> _Brief_:
Begin at the line that contains "bar), lámpara, escaleras" and reproduce it along with every line after it to the end of the listing; skip any pictures.

━━━ Material for this exercise

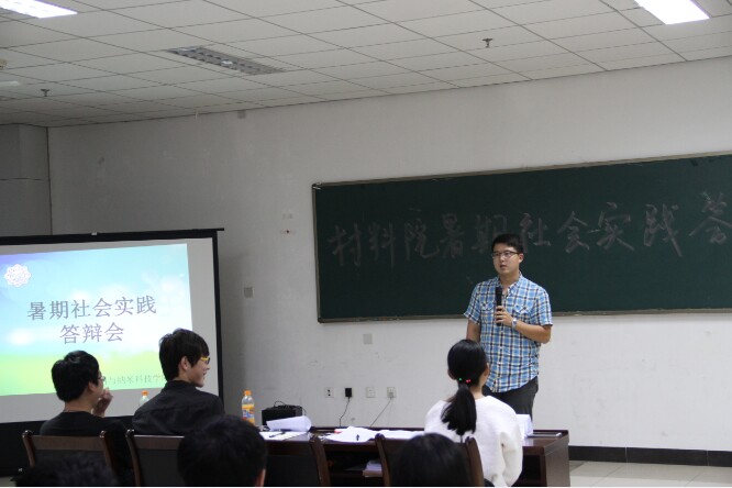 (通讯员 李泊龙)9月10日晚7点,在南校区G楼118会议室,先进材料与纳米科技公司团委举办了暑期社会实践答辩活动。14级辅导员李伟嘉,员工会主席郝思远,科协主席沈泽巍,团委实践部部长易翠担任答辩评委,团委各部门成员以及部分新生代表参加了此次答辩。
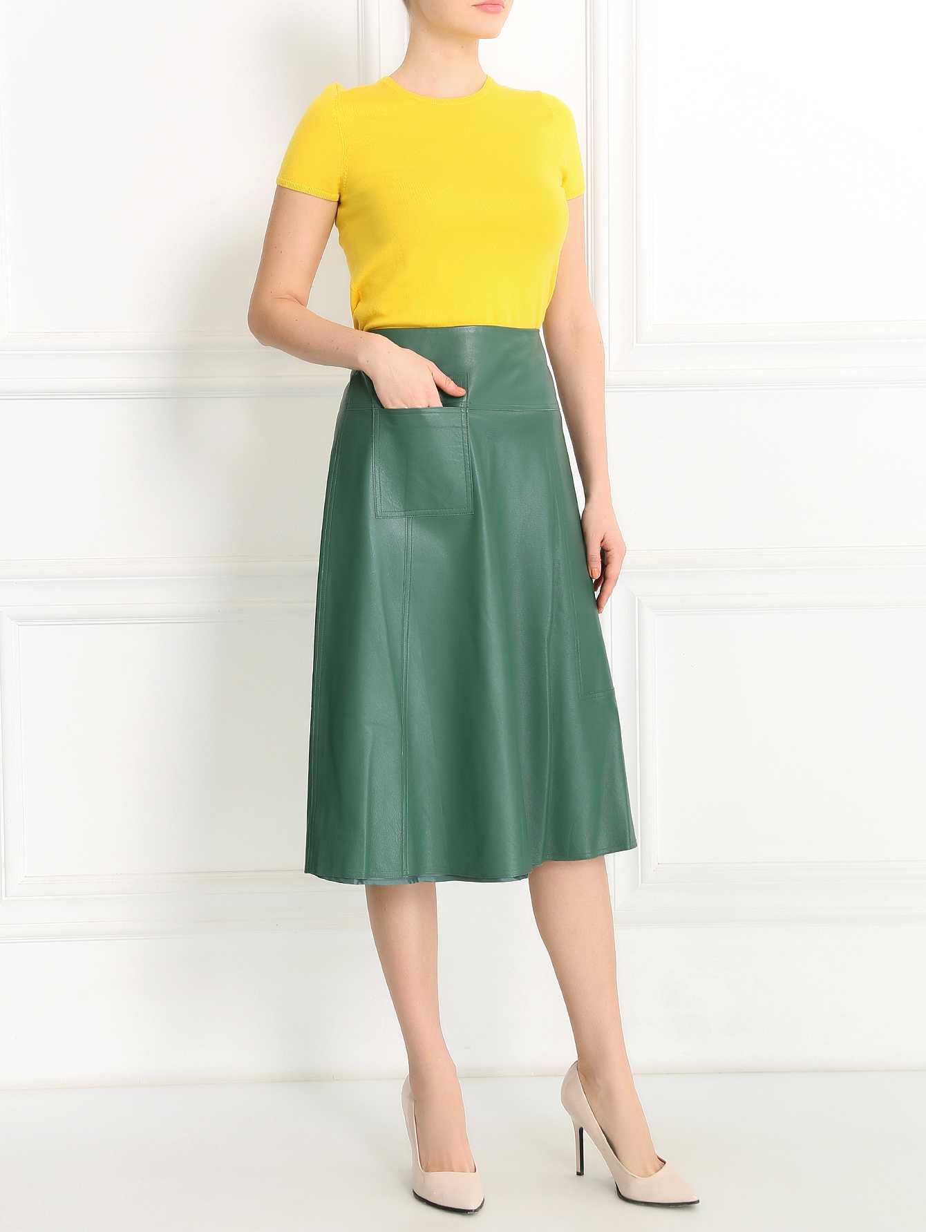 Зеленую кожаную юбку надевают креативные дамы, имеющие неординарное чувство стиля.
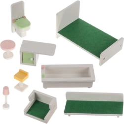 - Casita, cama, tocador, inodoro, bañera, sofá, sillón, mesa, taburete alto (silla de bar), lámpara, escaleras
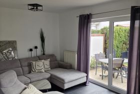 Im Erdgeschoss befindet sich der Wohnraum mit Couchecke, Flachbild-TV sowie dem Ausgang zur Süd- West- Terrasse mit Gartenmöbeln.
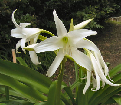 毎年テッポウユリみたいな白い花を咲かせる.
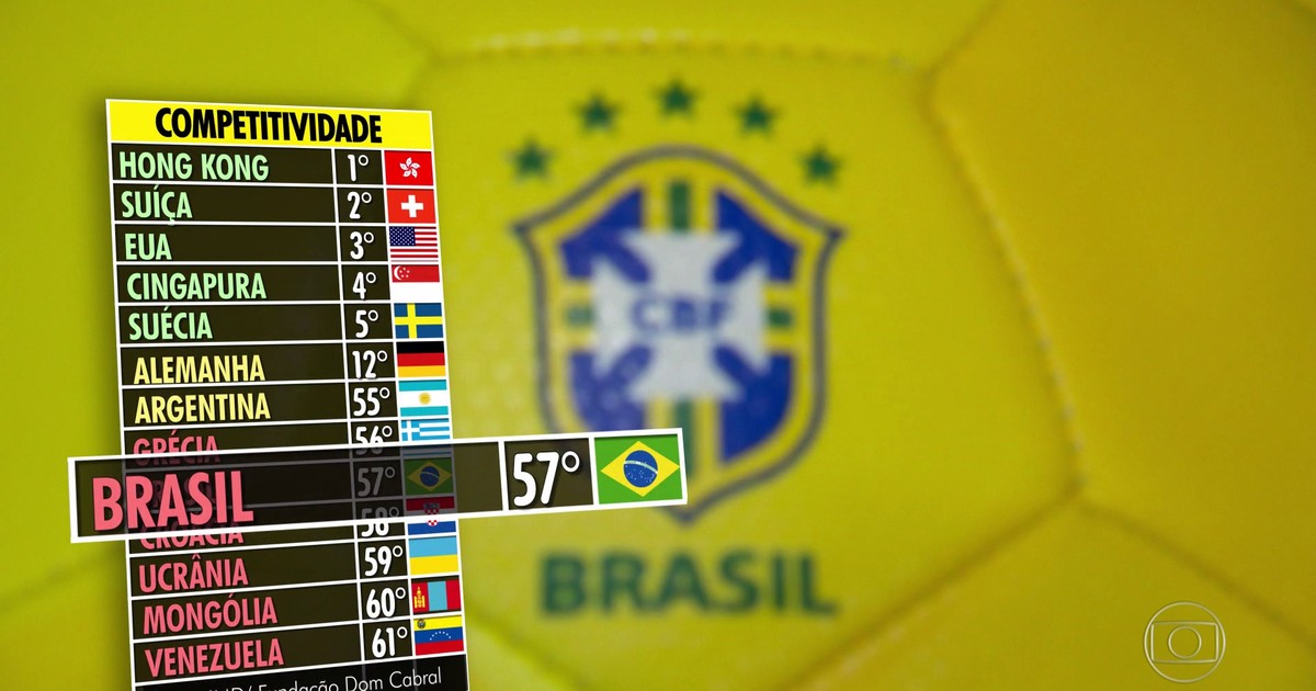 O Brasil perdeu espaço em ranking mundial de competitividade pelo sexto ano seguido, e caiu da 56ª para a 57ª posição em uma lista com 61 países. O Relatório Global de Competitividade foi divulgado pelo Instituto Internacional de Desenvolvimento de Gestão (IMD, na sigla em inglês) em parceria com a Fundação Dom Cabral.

━━━━━━

> _Task result_:
 - Casita, cama, tocador, inodoro, bañera, sofá, sillón, mesa, taburete alto (silla de bar), lámpara, escaleras
 Im Erdgeschoss befindet sich der Wohnraum mit Couchecke, Flachbild-TV sowie dem Ausgang zur Süd- West- Terrasse mit Gartenmöbeln.
 毎年テッポウユリみたいな白い花を咲かせる.
 O Brasil perdeu espaço em ranking mundial de competitividade pelo sexto ano seguido, e caiu da 56ª para a 57ª posição em uma lista com 61 países. O Relatório Global de Competitividade foi divulgado pelo Instituto Internacional de Desenvolvimento de Gestão (IMD, na sigla em inglês) em parceria com a Fundação Dom Cabral.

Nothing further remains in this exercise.